Wenn die SPD sich partout selbst beschädigen will, ist das ihre Sache. Ich kann noch nicht mal sagen, dass es mir egal ist, wenn eine ehrwürdige alte Partei sich vor die Wand fährt. Aber das müssen die selbst wissen. Gar nicht egal ist mir, dass die Verantwortlichen mal so eben und en passant unsere Demokratie beschädigen. Die mag ja Mängel zeigen, aber wir haben doch nur die eine. Schlechter Augenblick für Kollateralschäden. Gerade in Zeiten der Demokratiemüdigkeit: Wahlbeteiligungen, die unter die 50 Prozent zu rutschen drohen, Absetzbewegungen zu den äußeren Rändern.

Und nun auch noch das Kölner Wahldebakel. Aber die Beteiligten geht das alles gar nichts an: Ein Landesinnenminister will irgendwie falsch verstanden worden sein. Ein Stadtdirektor, der meinte, es sei alles mehr als korrekt gelaufen. Ein Grünen-Landeschef, der das Ganze als „eine Peinlichkeit für Demokratie und Transparenz in Köln“ bewertet. Nein, Herr Lehman, keine Peinlichkeit für die Demokratie, sondern für einige Politiker in dieser Demokratie. Und was hört man von Roters, Börschel, Ott, ohne die in Köln bekanntlich nichts läuft? Echte Zerknirschung sieht anders aus. Rücktritt? Fordert man immer gern – aber nur von den Bösen der anderen Parteien.

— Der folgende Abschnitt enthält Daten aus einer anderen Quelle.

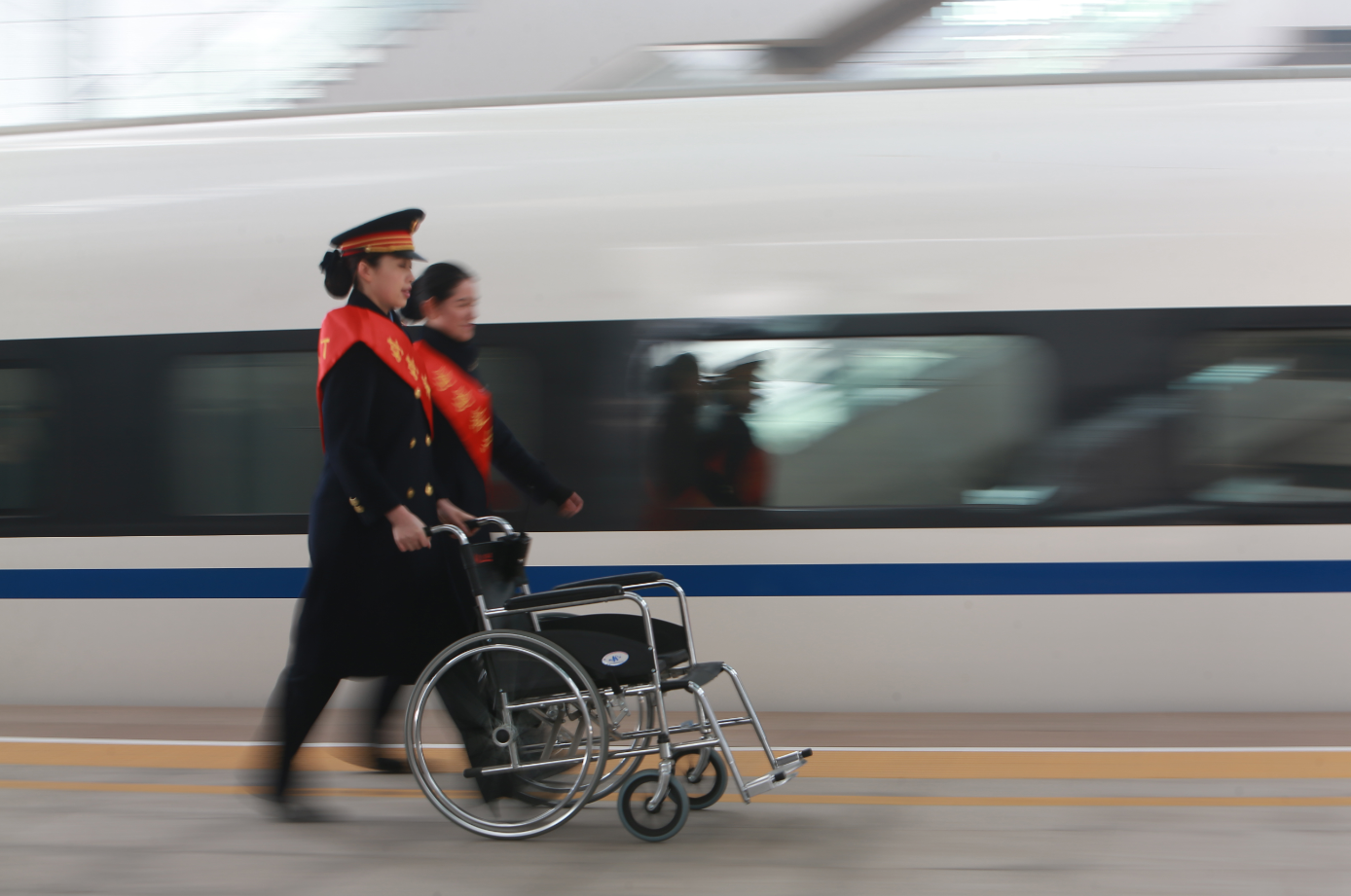太原南站日均接發(fā)旅客6萬(wàn)多人,“婷婷愛心服務(wù)區(qū)”平均每天要服務(wù)重點(diǎn)旅客500多人,既有進(jìn)站上車,也有的有下車出站的;既有需要輪椅的,也有需要擔(dān)架的;既有盲人,也有聾啞人……只要旅客有出行需求,這里就有“婷婷”的愛心服務(wù)。接送老人,一遍遍的進(jìn)出不厭其煩;推送旅客,一次次的上下不計(jì)其數(shù);遇上需要擔(dān)架的旅客,與旅客家屬一起抬著擔(dān)架爬樓梯,直至送到車廂鋪位上……常常顧不上休息,推遲了飯點(diǎn),還不敢多喝水……一個(gè)班下來(lái),她走的路至少都在兩萬(wàn)步以上,最多時(shí)超過了三萬(wàn)多步,常常一天下來(lái),整個(gè)人都像散架了似的酸痛、無(wú)力。

Die Herren haben einige Probleme mit der Sichtweise auf ihre Arbeit in dieser Stadt. Der OB-Kandidat der SPD, Jochen Ott, erregte sich am Kultursonntag in einer Gesprächsrunde im Wallraf-Richartz-Museum über die Kölner Politik und Verwaltung: Da werden Masterpläne von der Politik beschlossen und von der Verwaltung nicht umgesetzt, beschwerte er sich. Äh, Herr Ott, wer war nochmal Chef der Verwaltung in Köln? Ich dachte immer, das sei Oberbürgermeister Roters. Und - welcher Partei gehört der nochmal an? Welches politische Bündnis regiert die Stadt? Sorry, klingt irgendwie nach Schizophrenie, politischer Amnesie oder so ähnlich. Vielleicht aber auch ganz einfach: Arroganz der Macht. Am 13. September dürfen sich die Kölner Bürger zu dieser Art von Politik auf dem Wahlzettel äußern. Zeit für einen Wechsel – sag ich mal.